MOH News
MOH Issues the Health Regulations for the 1435H-Hajj Season
03 April 2014
The Ministry of Health (MOH) stressed the importance of meeting the health regulations by those willing to perform the rituals of Hajj or Umrah during the 1435H year. As such, the ministry has submitted such regulations to all concerned bodies and Saudi embassies and consulates abroad to act accordingly when granting visas for pilgrims.
These remarks were issued by the Deputy Minister for Public Health Dr. Ziad Memish, who underlined that the MOH closely follows up the latest epidemiological developments on the regional and international arenas through a Saudi scientific committee, revealing that all bodies concerned will be briefed on any amendments made to these regulations, as it was done with the pilgrims of Guinea and Liberia. The health regulations of this year tackles the following axes; yellow fever, meningitis, polio, and vaccination against the seasonal influenza virus.

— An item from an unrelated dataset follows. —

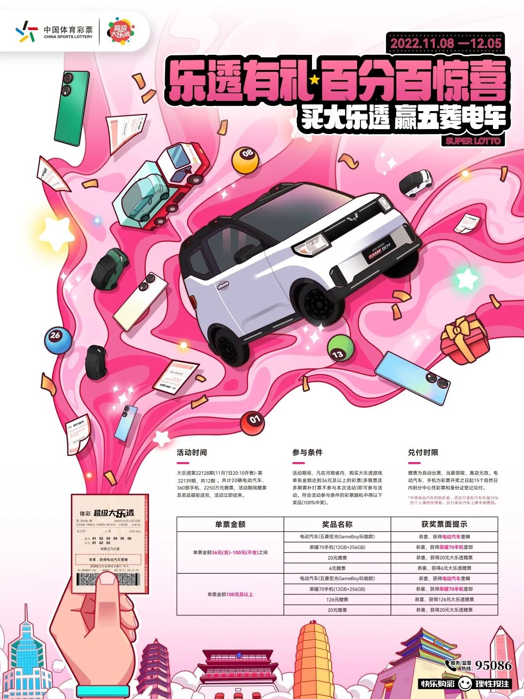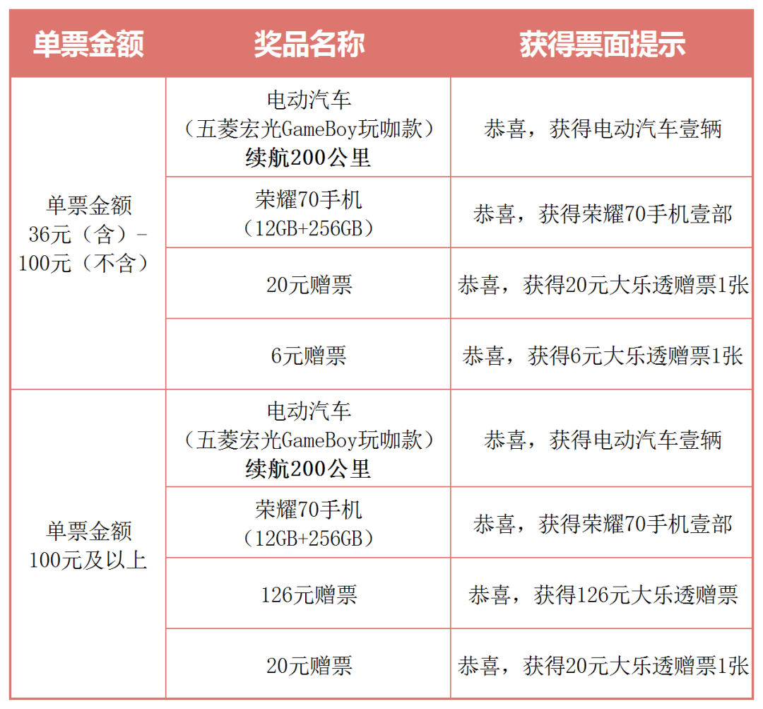 活動期間,凡在河南省內(nèi),購買大樂透游戲單張金額達到36元及以上的彩票(多期票及多期票補打票不參與本次活動,以下同)即可參與活動。有機會中得電動汽車、榮耀70手機、126元贈票、20元贈票、6元贈票等。
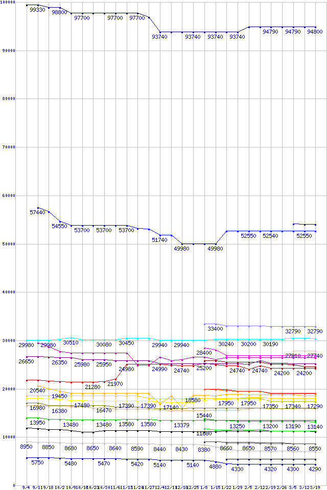 Intel系CPUの最安値推移↑前グラフ↓次グラフ(2009年9月4日〜2010年3月19日)※このグラフは過去のデータも税率5%相当に調整した税込み相当額のグラフです。 税率変更や、総額表示方式導入(2004年4月)の影響は除いています。凡例Core i7-975 Extreme Edition (3.33GHz)Core i7-960 (3.20GHz)Core i7-870 (2.93GHz)Core i7-860S (2.53GHz)Core 2 Quad Q9650 (3.00GHz,L2 6MB×2)Core i7-930 (2.80GHz)Core i5-670 (3.46GHz)Core i7-860 (2.80GHz)Core 2 Duo E8600 (3.33GHz,L2 6MB)Core i5-750S (2.4GHz)Core 2 Quad Q9550 (2.83GHz,L2 6MB×2)Core i5-661 (3.33GHz)Core i5-660 (3.33GHz)Core i5-750 (2.66GHz)Core 2 Quad Q9400 (2.66GHz,L2 3MB×2)Core 2 Duo E8500 (3.16GHz,L2 6MB)Core i5-650 (3.2GHz)Core 2 Quad Q8400 (2.66GHz,L2 2MB×2)Core 2 Duo E8400 (3GHz,L2 6MB)Core i3-540 (3.06GHz)Core 2 Duo E7600 (3.06GHz,L2 3MB)Core i3-530 (2.93GHz)Core 2 Duo E7500 (2.93GHz,L2 3MB)Pentium G6950 (2.8GHz)Pentium E6600 (3.06GHz,L2 2MB)Pentium E6500 (2.93GHz,L2 2MB)Celeron E3400 (2.6GHz)Celeron E3300 (2.5GHz)※製品名をクリックすると個別のグラフを表示します※点線部は販売店が確認できなかった、または調査データがないことを示します

Dr. Memish further highlighted that the yellow fever-affected countries, according to the health regulations, are Angola, Benin, Sudan, South Sudan, Senegal, Burkina Faso, the Central African Republic, Cameroon, Burundi, Chad, Uganda, Congo, Côte d’Ivoire, Sierra Leone, Ethiopia, the Democratic Republic of Congo, Gabon, Gambia, Ghana, Guinea, Equatorial Guinea, Guinea-Bissau, Togo, Kenya, Liberia, Mauritania, Niger, Nigeria, Mauritania, Rwanda, Ecuador, French Guiana, Guyana, Brazil, Bolivia, Suriname, Peru, Panama, Trinidad and Tobago, Venezuela, Colombia, Argentina, Paraguay.
Moreover, Dr. Memish noted that all pilgrims coming from countries or areas at risk of yellow fever must present, in accordance with the International Health Regulations, a valid yellow fever vaccination certificate showing that the person was vaccinated at least 10 days before arrival at the border. Aircrafts, ships, and various means of transportation coming from the states afflicted by the yellow fever, are required to submit a valid certificate showing that all the insects (mosquitoes) on their board were disinfected.
Speaking about meningitis, Dr. Memish said pilgrims hailing from all over the world must submit a vaccination certificate showing that they have been vaccinated against meningitis (before arriving in the Kingdom) within at least ten days' period and not exceeding three years. The responsible authorities in the pilgrim's homeland should ensure that all pilgrims were given 1 dose of the quadrivalent polysaccharide (ACYW135) vaccine.
For visitors arriving from countries in the African meningitis belt (Benin, Burkina Faso, Cameroon, Chad, the Central African Republic, Côte d’Ivoire, Eritrea, Ethiopia, Gambia, Guinea, Guinea-Bissau, Mali, Niger, Nigeria, Senegal and Sudan), Dr. Memish said the preventive medicine will be administered at ports of entry to lower the rate of carriers.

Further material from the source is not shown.